__TO DO__
Each record below should be reproduced as it is written, with pictures left out entirely.

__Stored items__

****************

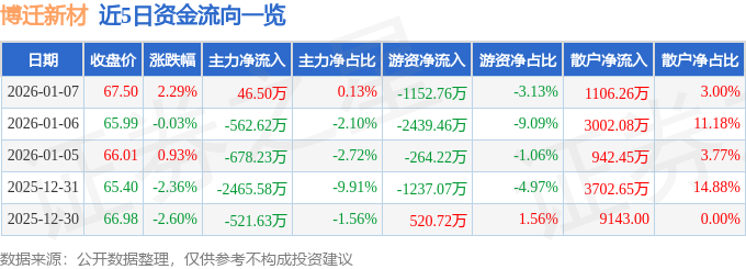 证券之星消息,截至2026年1月7日收盘,博迁新材(605376)报收于67.5元,上涨2.29%,换手率2.1%,成交量5.49万手,成交额3.68亿元。
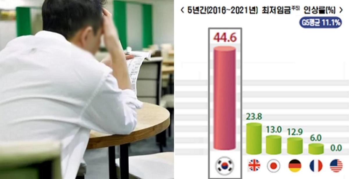 특히 최근 5년간(2016년~2021년) 한국의 최저임금 인상률은 44.6%로 G5(선진 5개국) 평균 인상률(11.1%)의 4배 이상인 것으로 나타났다.
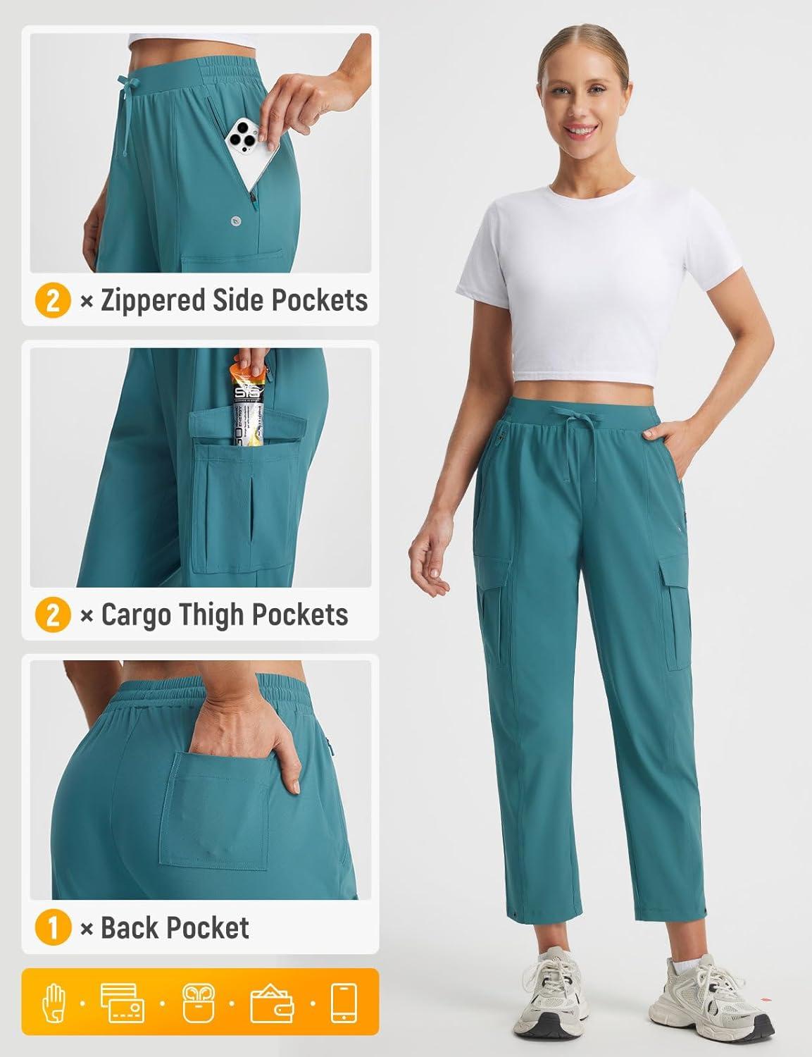 imagebaleaf Womens 26 Travel Pants with Zipper Pockets Petite Ankle Slacks Lightweight Stretch Quick Dry Cargo Summer CoolDark Green
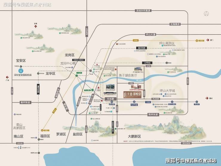 多维路网:1.5km上南坪快速三期,30分钟直达福田CBD,3km接驳外环高速、沈海高速双动脉,规划深大城际聚龙站(在建)直线距离3.5km
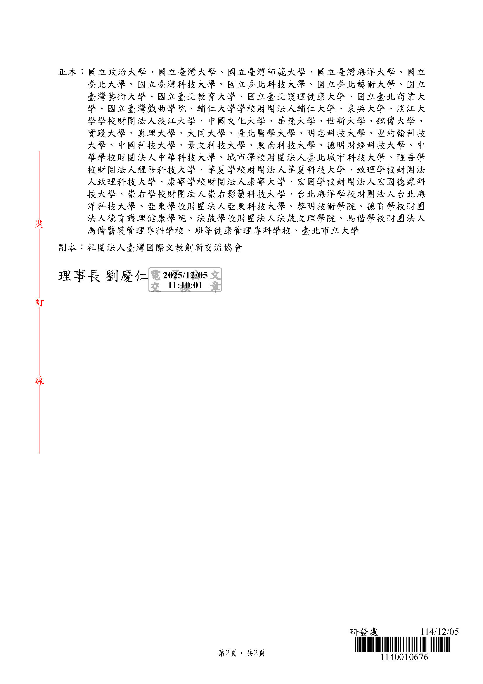 一、依據社團法人臺灣國際文教創新交流協會114年12月5日(臺國文教字第1140000056號)來函辦理。
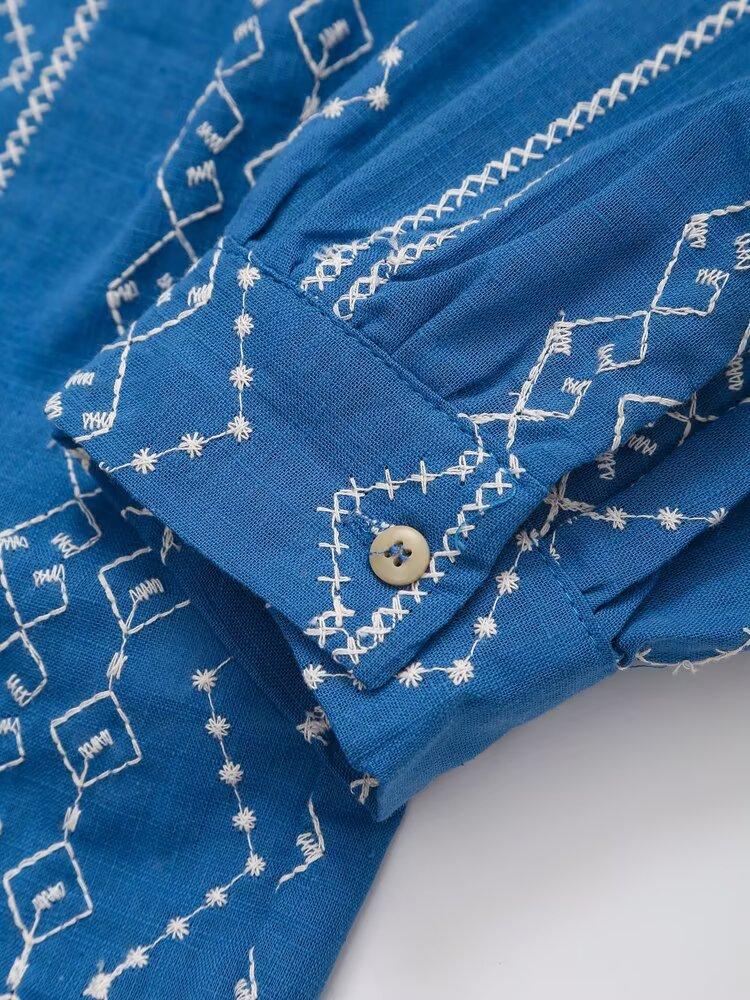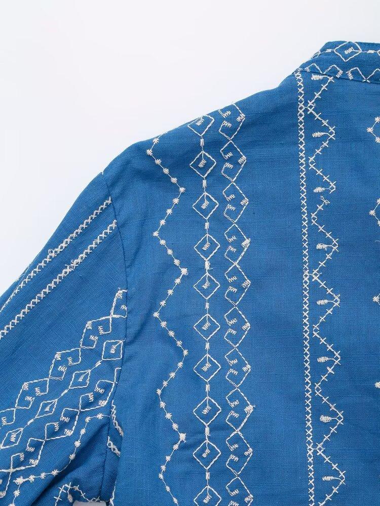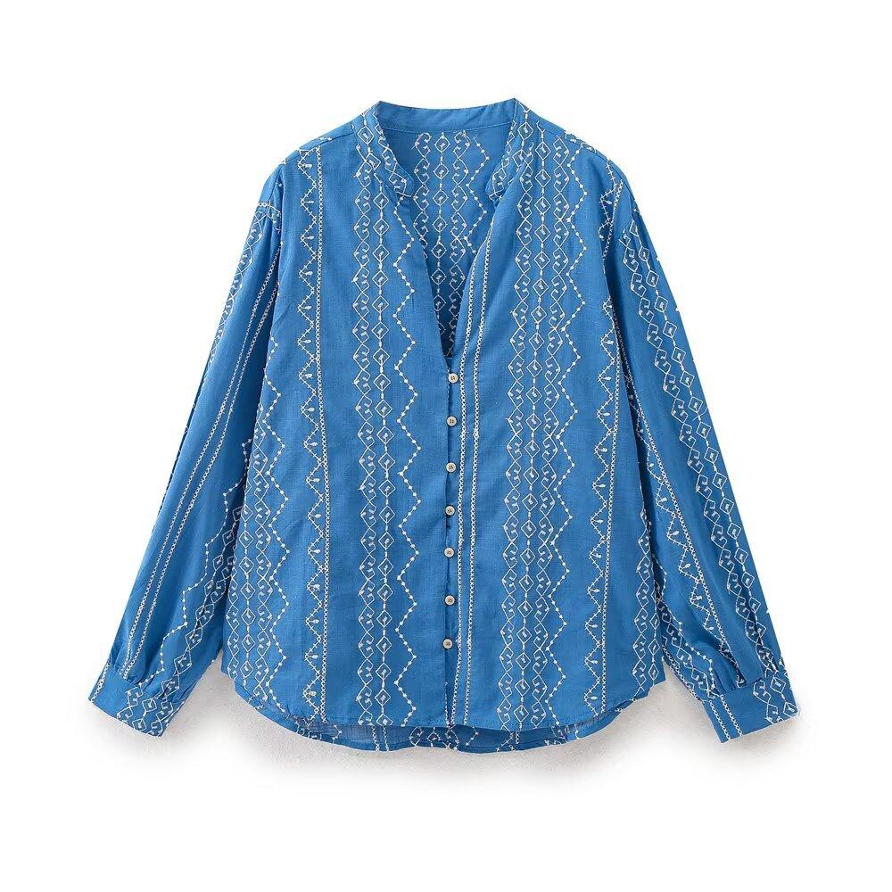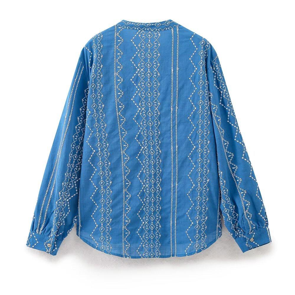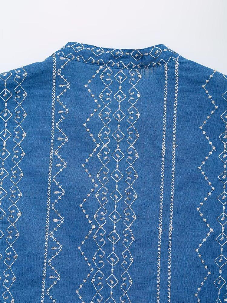 Ropa de Mujer Transfronteriza de Comercio Exterior 2025 Verano Estilo Europeo y Americano Moda Elegante Casual Simple Camisa Bordada Mujer E74081
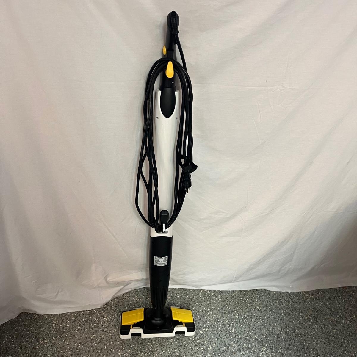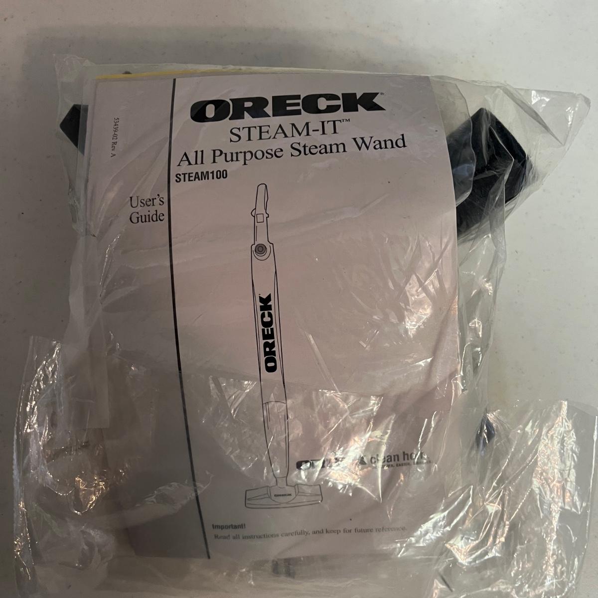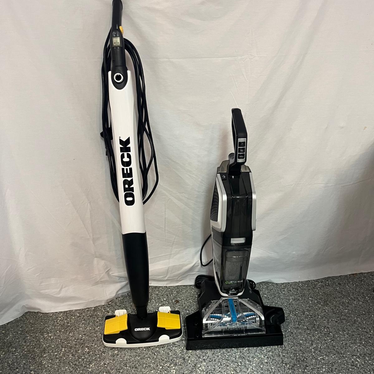 Lot includes a Oreck Steam it model # Steam100 and a Bissell Floor finishing machine model # 25299. Both machines powered on when plugged. Steam It is missing cap.

****************

__ANSWER BELOW__
 证券之星消息,截至2026年1月7日收盘,博迁新材(605376)报收于67.5元,上涨2.29%,换手率2.1%,成交量5.49万手,成交额3.68亿元。
 특히 최근 5년간(2016년~2021년) 한국의 최저임금 인상률은 44.6%로 G5(선진 5개국) 평균 인상률(11.1%)의 4배 이상인 것으로 나타났다.
 imagebaleaf Womens 26 Travel Pants with Zipper Pockets Petite Ankle Slacks Lightweight Stretch Quick Dry Cargo Summer CoolDark Green
 多维路网:1.5km上南坪快速三期,30分钟直达福田CBD,3km接驳外环高速、沈海高速双动脉,规划深大城际聚龙站(在建)直线距离3.5km
 一、依據社團法人臺灣國際文教創新交流協會114年12月5日(臺國文教字第1140000056號)來函辦理。
 Ropa de Mujer Transfronteriza de Comercio Exterior 2025 Verano Estilo Europeo y Americano Moda Elegante Casual Simple Camisa Bordada Mujer E74081
 Lot includes a Oreck Steam it model # Steam100 and a Bissell Floor finishing machine model # 25299. Both machines powered on when plugged. Steam It is missing cap.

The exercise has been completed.